# PLease help identify this fish!



## Mike. (Apr 19, 2010)

Pleas ehelp me identify this fish.

I bought it as a 'Butterfly Plec' and was told it would thrive in coldwater with goldfish. I'm not so sure, this morning I found it floating upside down on the bottom of the tank.

Can you correctly identify it for me?

http://img684.imageshack.us/img684/8712/s73f2294.jpg


----------



## Merf (Feb 24, 2009)

It does look like a butterfly plecostomus but the lighting is poor and I can't see it's top fin or coloring very well.
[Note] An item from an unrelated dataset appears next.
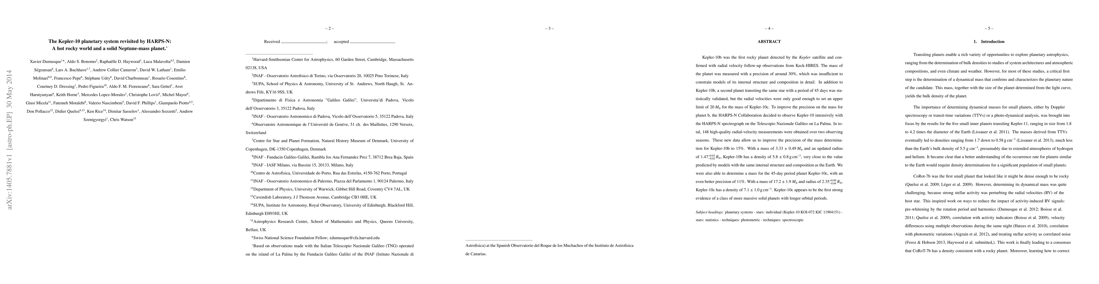The Kepler-10 planetary system was revisited using HARPS-N, revealing improved mass precision for Kepler-10b, a hot rocky planet, and confirming the existence of Kepler-10c, a solid Neptune-mass planet with a longer orbital period.

Plecos are very much tropical fish, don't believe everything the stores tell you ALWAYS do your own research.


----------



## hXcChic22 (Dec 26, 2009)

Looks like it might be a hillstream loach of some sort...


----------



## bmlbytes (Aug 1, 2009)

It looks like a butterfly pleco to me, but as mentioned above the plecos should be kept in the warmer water of tropical fish. 
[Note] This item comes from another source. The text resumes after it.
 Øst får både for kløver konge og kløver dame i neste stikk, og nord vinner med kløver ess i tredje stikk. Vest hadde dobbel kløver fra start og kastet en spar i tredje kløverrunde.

Golden dojo loaches are the only bottom feeder I can think of that works with the goldfish temps.


----------



## Guest (May 1, 2010)

LOL i agree goldfish like cold water but i will not agree that they cant thrive in a tropical setup.


----------



## br00tal_dude (Dec 26, 2009)

That is a Beaufortia kweichowensis (Butterfly hillstream loach) and it needs a special setup, i have done alot of research on these little guys because i really want some... They would be good in Goldfish temps but they need very high oxygen content and alot of water movement... It alsoneeds vwery clean water, i don't have much experience with gold fish but from what i have heard they produce alot of waste, probably not a good match...

here is a link with more info and a good picture:
http://www.loaches.com/species-index/beaufortia-kweichowensis/?searchterm=chinese hillstream


----------



## PostShawn (Dec 22, 2009)

I have plecos with my goldfish but I kind of have to keep it at the top range for goldfish and bottom range for plecos. I try to keep it at 73-75F degrees. Above that too much and it's no good for the goldfish. They slow down and just dont like it. Too much colder then that and it's probably torture on the pleco. They can survive, but they wont "thrive" if the water is too cold. Right now I have two tanks with goldfish and each tank has a pleco. They are doing fine so it can be done.

My FIL has had plecos in an outdoor pond but we live in Southern California and it doesnt get too cold. Also my LFS has plecos with goldfish.


----------



## cossie333 (Apr 10, 2010)

It is a hillstream I hve 2


----------